From March 1996 to October 2000, the S&P 500 rose from the mid-600’s to around 1550, culminating in the bursting of the Nasdaq bubble. From March 2009 to October 2013, the S&P 500 rose from the mid-600’s to around 1750, where we stand today.
From low to high, the 2009-2013 rally was the larger move (and hence, more volatile on a long-term basis). But in the 1996-2000 rally, the VIX was actually above 20 for the majority of the time:
I’ve marked the 20 level of the VIX in red, which shows how the VIX hardly traded below 20 between 1997 and 2000. That was on the rallies as well as the selloffs.
In contrast, from 2009-2013, VIX spot has spent the majority of the time below 20, and practically all of the time below 20 in the past 18 months:
Once again, the 20 level is marked in red.
I find it fascinating that the total point increase over time has been greater in the 2009-2013 period, but implied volatility has been much, much lower during this rally than during the 1996-2000 rally.

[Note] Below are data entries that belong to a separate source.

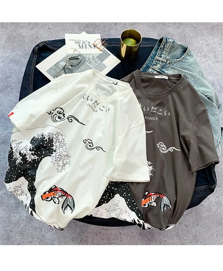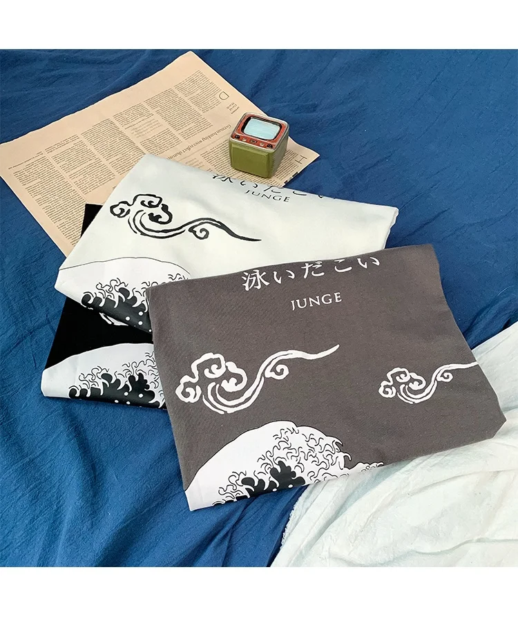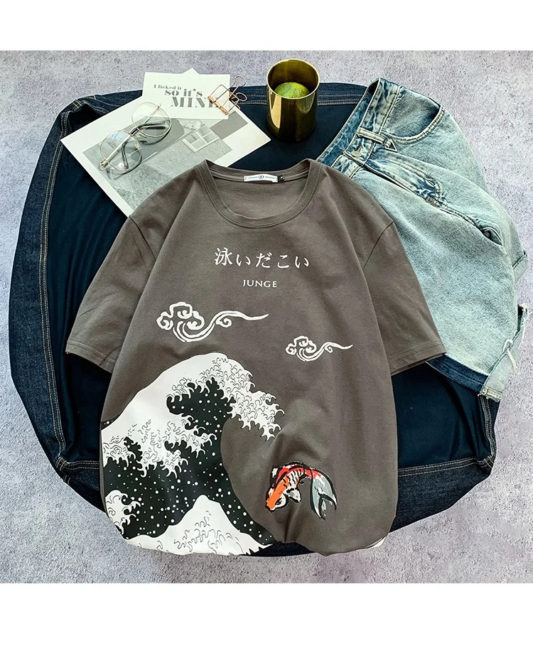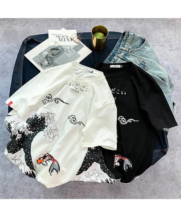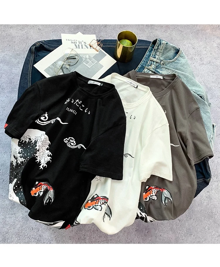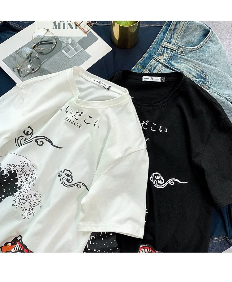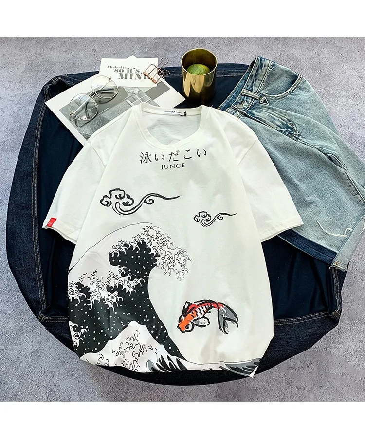 Футболка RUIHUO мужская с волнистым принтом, модная уличная одежда с короткими рукавами, рубашка в стиле хип-хоп, модель 2022 японская
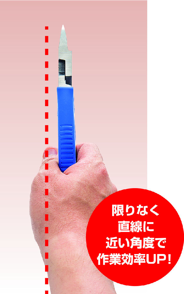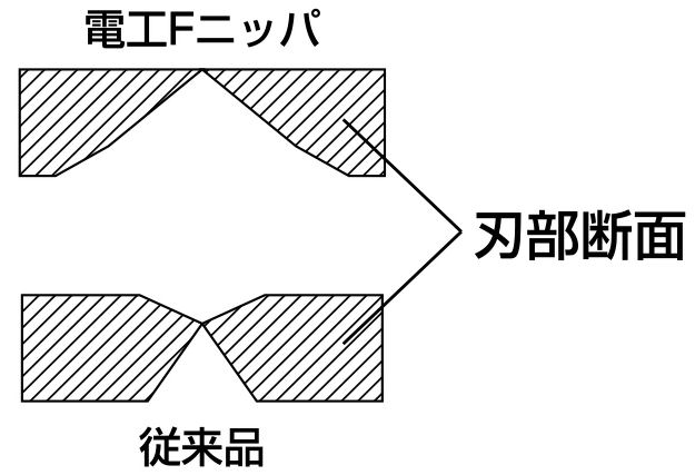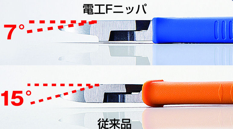 刃が電線の被覆に食い込みやすいよう、精密機械加工で薄く鋭く仕上げました。抜群の切れ味です。刃面が平らなため、美しい断面を得られます。
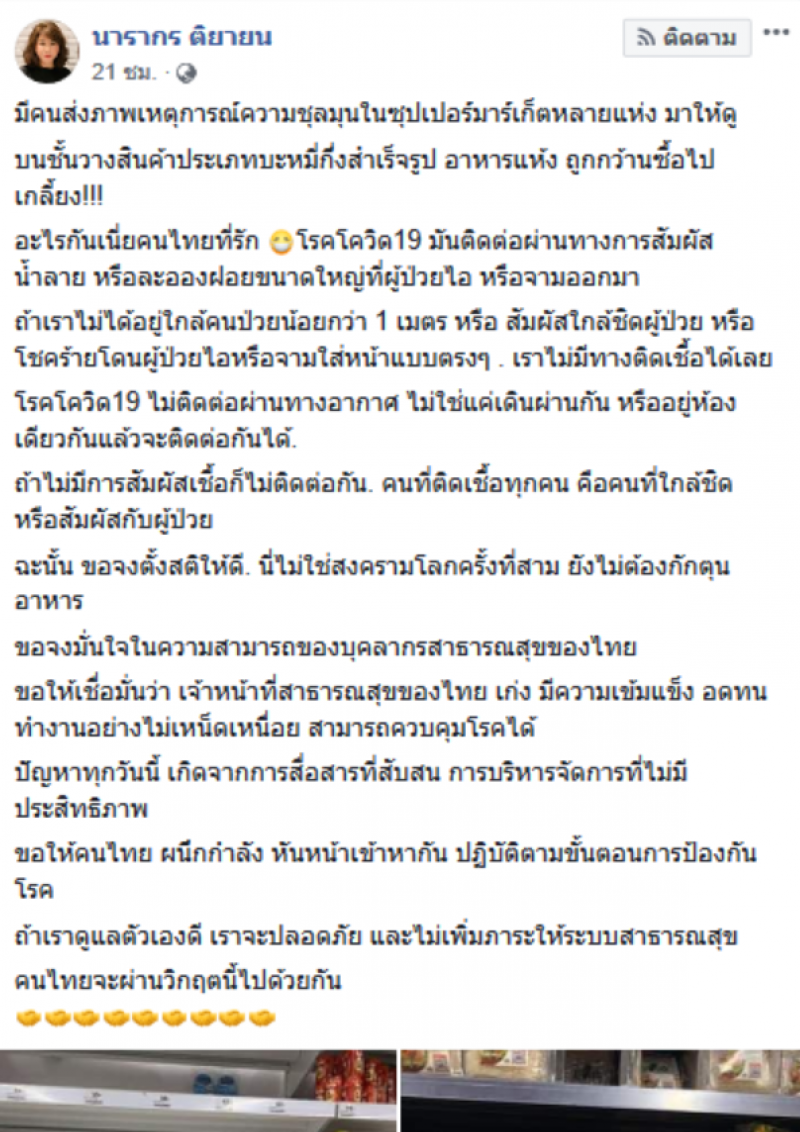 จากกรณีที่ดาราชื่อดัง แมทธิว ดีน ได้ออกมาประกาศว่าตนเองติด COVID ทำให้ประชาชนเกิดความแตกตื่นรีบหาซื้อของใช้ที่จำเป็นเพื่อกักตุน จนสินค้าภายในห้างสรรพาบางอย่างหมดเกลี้ยงชั้นวาง วันนี้ทางด้านผู้ประกาศข่าวชื่อดัง นารากร ก็ได้ออกมาเคลื่อนไหวเรื่องนี้ โดยได้โพสต์ภาพและข้อความที่ประชนชนกักตุนอาหารว่า มีคนส่งภาพเหตุการณ์ความชุลมุนในซุปเปอร์มาร์เก็ตหลายแห่ง มาให้ดู บนชั้นวางสินค้าประเภทบะหมี่กึ่งสำเร็จรูป อาหารแห้ง ถูกกว้านซื้อไปเกลี้ยง

In other words, close-to-close volatility has been much lower this time around, even though the volatility of the entire bull market has been higher.
Is the compression of that daily volatility a sign of health or complacency? We’ll only know that answer in retrospect. But this week’s action in the VIX has caught our eye as well. VIX spot is higher this week, even as the SPX index has rallied to new all-time highs. CC p0inted out that the action was similar to what we wrote about on May 15th of this year, in this post:
Sure enough, new all-time highs in the SPX index have resulted in an almost 100 point move higher since that breakout. The move’s velocity has picked up in the last week, which is causing volatility traders to re-assess the low pricing of options. Buyers of protection are also likely getting more aggressive as prices advance so aggressively.
With no upside resistance for the SPX index, volatility is liable to increase in both directions. Regardless, with the VIX in the low teens and realized volatility increasing in the high fliers (see NFLX, FB, BIDU or GRPN today), the risk/reward for long VIX trades looks increasingly attractive. We’ve had alot of success with long VIX strategies this year (most recent here) and we’ll be looking for similar entries if given the opportunity in the near future.